# First Time Soap Still Oily after Curing



## ErikaMay (Feb 28, 2013)

Hello! I finally managed to make my first soap. YAY! I uswed 64 oz olive oil and 28 oz coconut oil. My sheep milk was frozen solid even though it had sat out for over an hour when i added the lye....I eventually got the heat on the lye/milk up to 85-90 before I added it to the oil that was at 100. I got things to trace and it all looked good...but it was a little greasy feeling and rather soft.

3 weeks later I checked on its curing and it STILL feels greasy and is a bit soft. 

Why did it turn out so soft and what can i do next time to prevent it? if I cure it near a heat source will it harden a little faster?


----------



## shellmar (Apr 4, 2008)

I am not sure what went wrong.
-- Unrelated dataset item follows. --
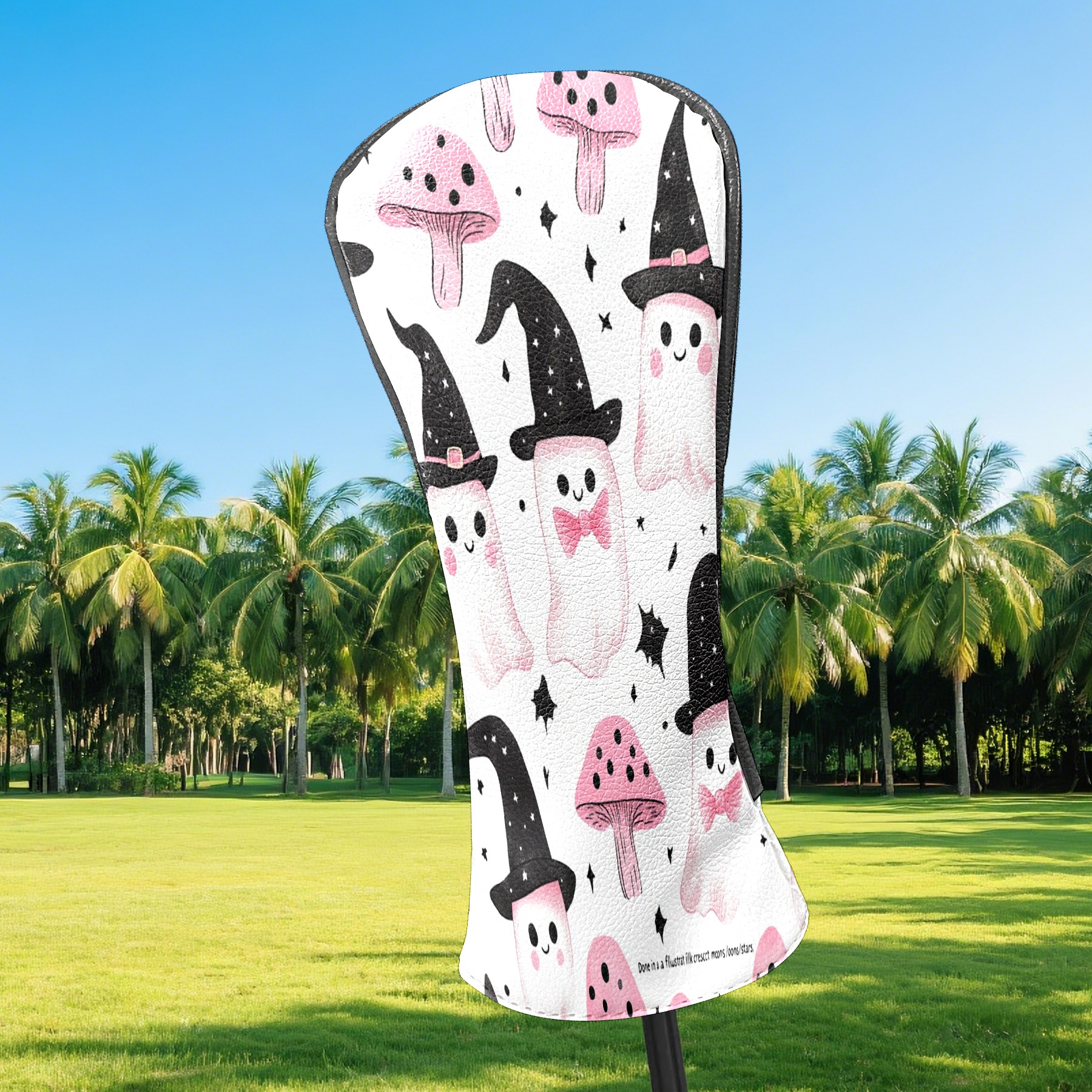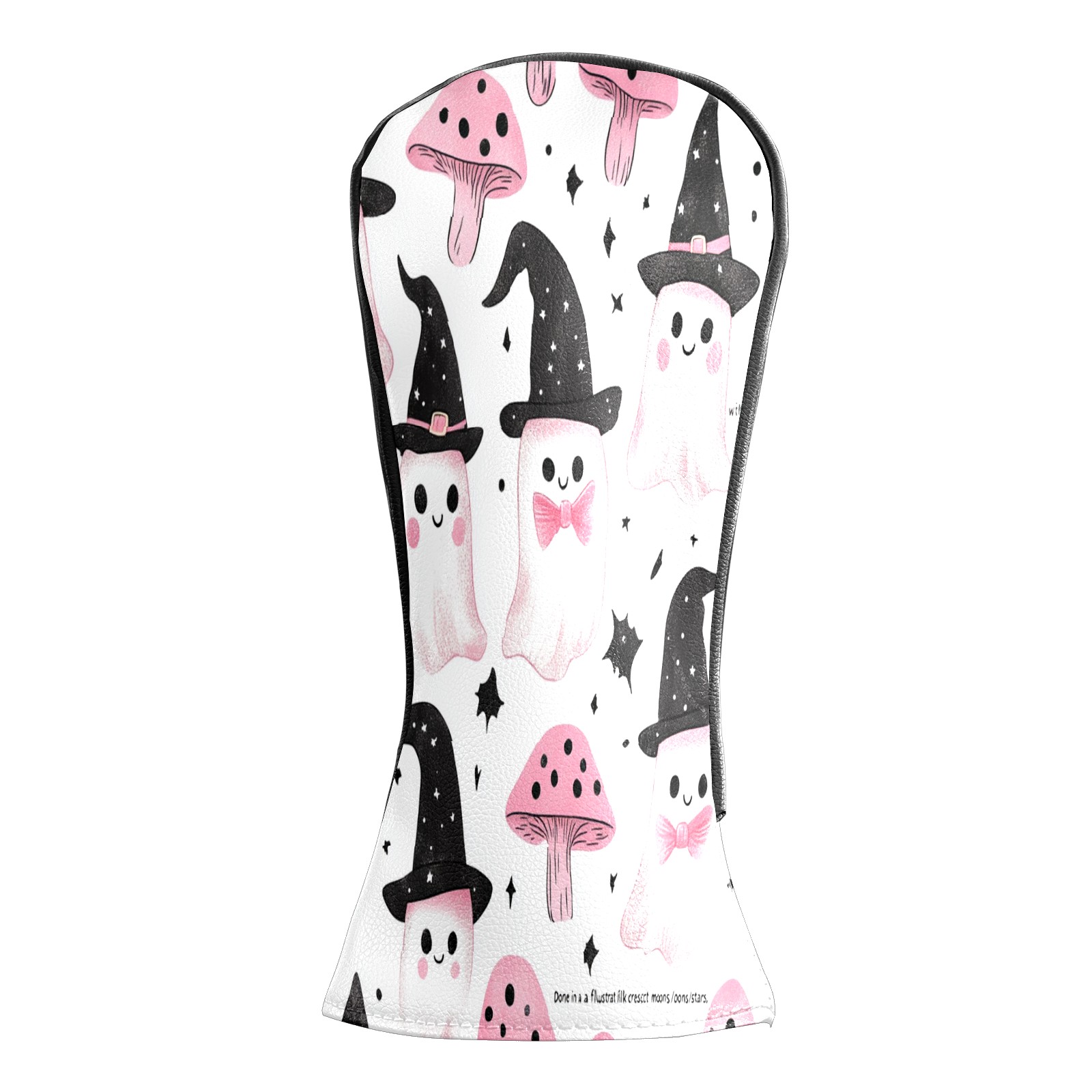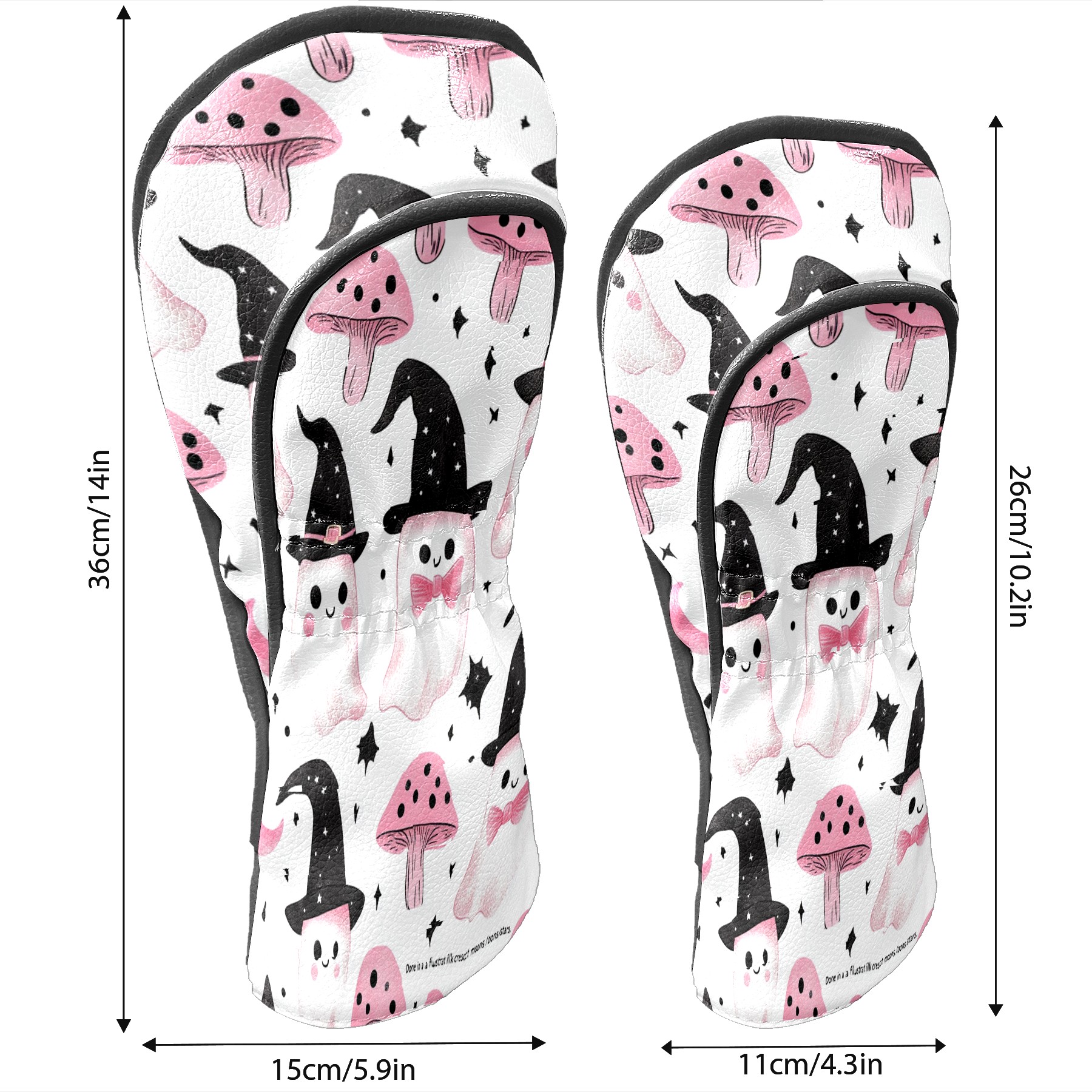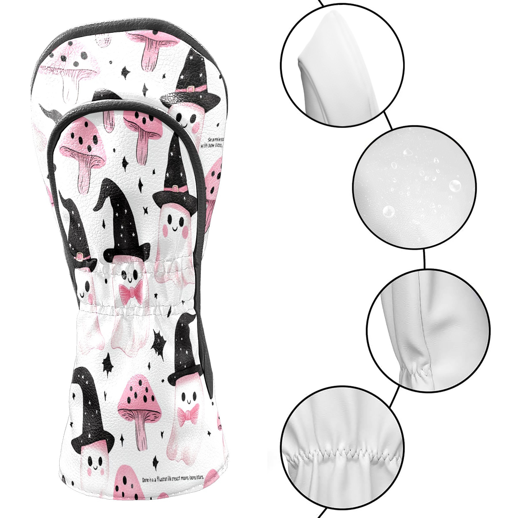 Golf Club Covers, LightPink MushroomGhost Premium PU Leather Driver Hybrid Putter Head Covers with Velvet Lining, Waterproof Golf Gifts for Men Women

I do have a question though, how much lye did you use? I put your oils in The Sage lye calculator and it suggested for your recipe to use 23 -34 oz. of liquid and for 5% superfat that you use 13.04 oz. of lye. I am wondering if perhaps you may not have used enough lye or too much liquid.

Also, you have a large amount of olive oil, 69% in your recipe. Could this be a problem? I don't know, but I don't think it is, I use 62.50% olive oil in my recipe and my soaps are generally very firm in 1 to 2 days.

I think your temps for soaping were ok. I make goat's milk soap and I always use frozen milk and add my lye to that, so I soap in low temps.

Did you use a fragrance oil and if so how much?

Those are some of my thoughts on the matter. I hope someone else will reply and be able to help you find an answer to your problem.


----------



## linn (Jul 19, 2005)

Can you tell us how much milk and how much lye you used in the recipe? Next time try a one pound recipe and if it doesn't turn out you won't have lost so much. You might try cutting the soap up and doing a rebatch in an old crockpot. Here is where I learned to rebatch. Since your soap is soft, you won't need a lot of liquid.

http://www.pvsoap.com/instructions_for_rebatch.htm


----------



## ErikaMay (Feb 28, 2013)

I should say its not squishy soft anymore...but its most certainly not hard and dry. 

I used this recipe http://www.hobbyfarms.com/crafts-and-nature/how-to-make-soap-with-milk.aspx with 2/3 olive oil, and 1/3 coconut. 

Thus, 10 oz dry lye. seemed light compared to all the fat, but what do i know? I split the recipe at trace and left some unscented and added a frugal 1/4 oz of lemon oil to the other half. 

Its only been 3 weeks so it is still curing...but golly, seems like maybe it will be good soap in 3 months! 

I might rebatch.


----------



## linn (Jul 19, 2005)

I ran your recipe through SoapCalc and it looks like the recipe should have used 13.1 oz of lye instead of 10 oz. Always run any soap recipe through a lye calculator before using. SoapCalc is my favorite.

http://www.soapcalc.net/calc/soapcalcwp.asp


----------